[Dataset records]
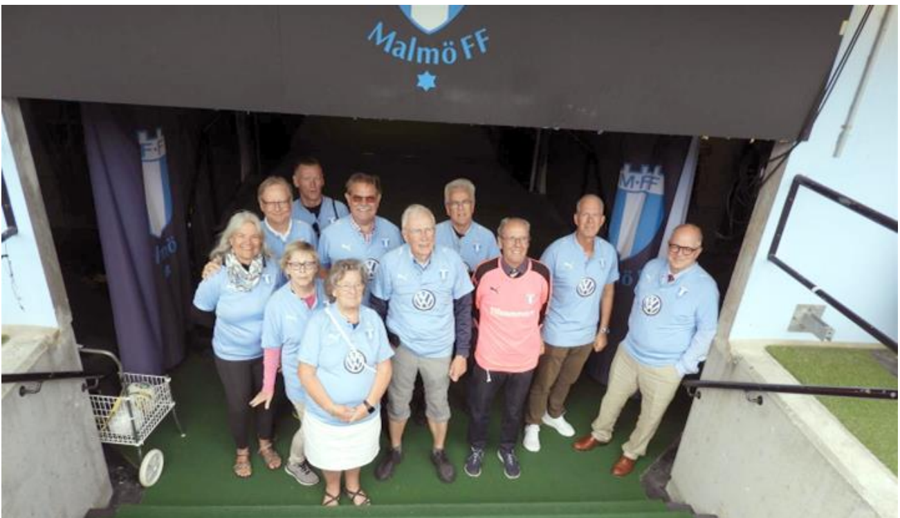
Alla vi på väg in till planen via spelarnas ingång.
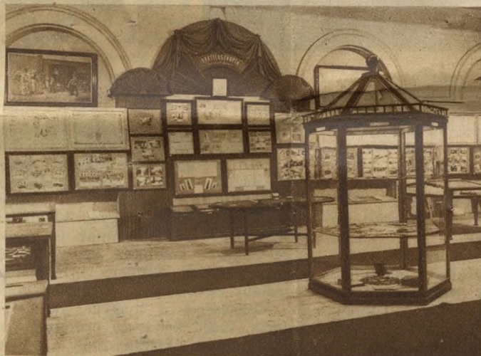
Ebben a vitrinben őrzik a nagyobb szélhámosságok bűnjeltek.

Igen érdekes, hogy miként került ez a «felszerelés» a bűnügyi múzeumba. Egy cigányzenésztől ellopták a pénzét a társai. Erre a zenész elhatározta, hogy visszaszerzi a «lovét». Gyenge testalkatú legény volt, nem mert ököltre menni velük, ezért elhatározta, hogy cselhez folyamodik. Egy fadarabból puskaagyat faragott, kakasnak egy eldobott szódásüveg szifonját rakta fel, bádogból csövet formált, fekete, kopott kemény kalapjába kakastollat tűzött és még arra is vigyázott, hogy az előírt derékszija is meg legyen, egy fekete rongydarabra, valamilyen csillogó rézdarabot rakott és így indult el társai felé, hogy visszaszeresse a pénzét. Azok a közelítő és felvillanó csendőrszuronyra megijedtek, az álcsendőr pedig már messziről kiabált, hogy az elrabolt pénzért jött. A társaság elmenekült,
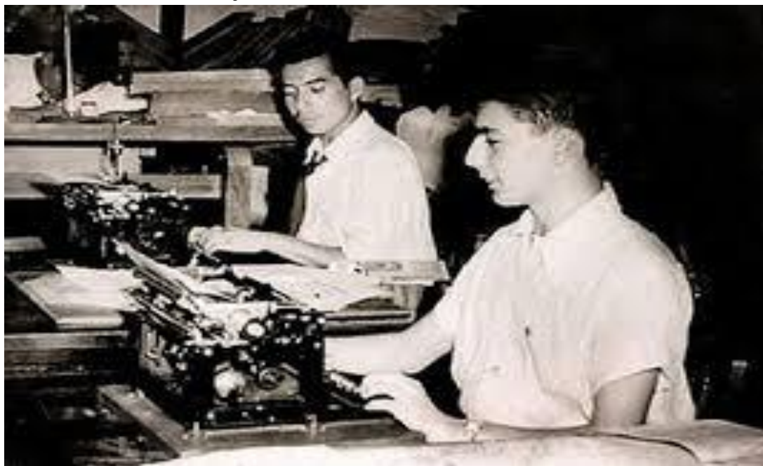
Figura 6 - Mario Vargas Llosa, com quinze anos, no seu primeiro emprego como redator no jornal La Crónica em Lima-Peru.
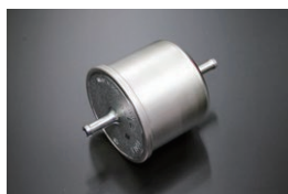
GC210/S130インジェクション フューエルフィルター (φ73) 品番：16400-Q0805 適合：L型インジェクション車 価格：¥7,940
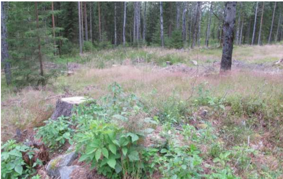
Figur 6. Helt vest i lokaliteten er det i løpet av de siste årene hogd ut en del gran. Her er det stort oppslag av snerprørkvein, men også noe rødhyll, som kan bli et betydelig problem om den ikke bekjempes. I dette området vil en anbefale at det slås to ganger per sesong, samt at nye oppslag av skog holdes nede.
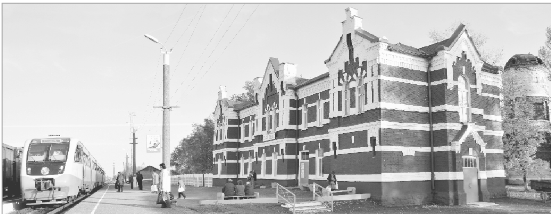
Сегодня через станцию Спас-Деменск проходят пригородные, грузовые и пассажирские поезда дальнего следования.

• В 1950-1960-е годы тяговой единицей Спас-Деменского депо служил паровоз П-36, который работал и с пригородными поездами. Обратное депо ТЧ-48 было закрыто в девяностых годах, часть подвижного состава передана в другие подразделения дороги.
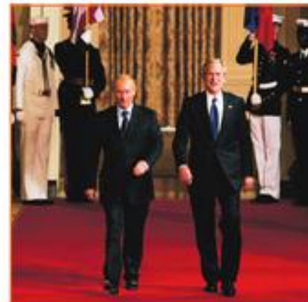
Các lãnh tụ Nga-Mỹ gặp gỡ tại Tòa Bạch Ốc Tổng Thống Hoa Kỳ George W. Bush (phải) và Tổng Thống Nga Vladimir Putin trên đường đến Phòng Phái Đồng Tòa Bạch Ốc để mở cuộc họp báo chung vào ngày 16 Tháng Chín. Hai nhà lãnh đạo đã thảo luận vấn đề ngăn ngừa vũ khí nguyên tử lan tràn và cứu trợ của Nga dành cho nạn nhân bão Katrina.

Một tháng trước đây, chúng ta không thể, không dám tưởng tượng sẽ có một thành phố lớn ở Mỹ bị chìm dưới ba mét nước, tất cả dân chúng được lệnh tản cư. Chuyện đó mới xảy ra tuần trước. Bây giờ mọi người đều hỏi: Nước Mỹ có chuẩn bị sẵn sàng để đối phó với một thiên tai hay tai họa do con người gây ra với hậu quả lớn tương tự hay không? Nói riêng tiểu bang California, chính quyền và dân chúng đã sẵn sàng chưa? Sau trận bão Katrina, tuần báo Businessweek viết một chủ đề ghi trên bìa: Tai họa lớn sắp tới (The Next Big One) để báo động cả nước Mỹ phải đề phòng. Báo này đưa ra ba thí dụ: Động đất lớn ở California; Cúm gà lan truyền tới Chicago; và "bom bẩn" tung phóng xạ ra một vùng trong thành phố New York. Trong ba tai họa giả tưởng đó, California có vẻ là nơi đã được chuẩn bị kỹ nhất để đương đầu với động đất. Giản dị, vì tiểu bang này đã "tập trận" nhiều lần, qua những cuộc động đất trước đây. Liệu có một trận động đất lớn sẽ xảy ra ở California hay không? Ở đâu? Bao giờ xảy ra? Trước những câu hỏi về tương lai, các nhà khoa học cũng chỉ có thể

**ASSIGNMENT**
Would you set down only the lines above from the line with "Igen érdekes, hogy" to the line with "другие подразделения дороги.", both included, exactly as they stand and without the pictures?

**THE ANSWER**
Igen érdekes, hogy miként került ez a «felszerelés» a bűnügyi múzeumba. Egy cigányzenésztől ellopták a pénzét a társai. Erre a zenész elhatározta, hogy visszaszerzi a «lovét». Gyenge testalkatú legény volt, nem mert ököltre menni velük, ezért elhatározta, hogy cselhez folyamodik. Egy fadarabból puskaagyat faragott, kakasnak egy eldobott szódásüveg szifonját rakta fel, bádogból csövet formált, fekete, kopott kemény kalapjába kakastollat tűzött és még arra is vigyázott, hogy az előírt derékszija is meg legyen, egy fekete rongydarabra, valamilyen csillogó rézdarabot rakott és így indult el társai felé, hogy visszaszeresse a pénzét. Azok a közelítő és felvillanó csendőrszuronyra megijedtek, az álcsendőr pedig már messziről kiabált, hogy az elrabolt pénzért jött. A társaság elmenekült,
Figura 6 - Mario Vargas Llosa, com quinze anos, no seu primeiro emprego como redator no jornal La Crónica em Lima-Peru.
GC210/S130インジェクション フューエルフィルター (φ73) 品番：16400-Q0805 適合：L型インジェクション車 価格：¥7,940
Figur 6. Helt vest i lokaliteten er det i løpet av de siste årene hogd ut en del gran. Her er det stort oppslag av snerprørkvein, men også noe rødhyll, som kan bli et betydelig problem om den ikke bekjempes. I dette området vil en anbefale at det slås to ganger per sesong, samt at nye oppslag av skog holdes nede.
Сегодня через станцию Спас-Деменск проходят пригородные, грузовые и пассажирские поезда дальнего следования.

• В 1950-1960-е годы тяговой единицей Спас-Деменского депо служил паровоз П-36, который работал и с пригородными поездами. Обратное депо ТЧ-48 было закрыто в девяностых годах, часть подвижного состава передана в другие подразделения дороги.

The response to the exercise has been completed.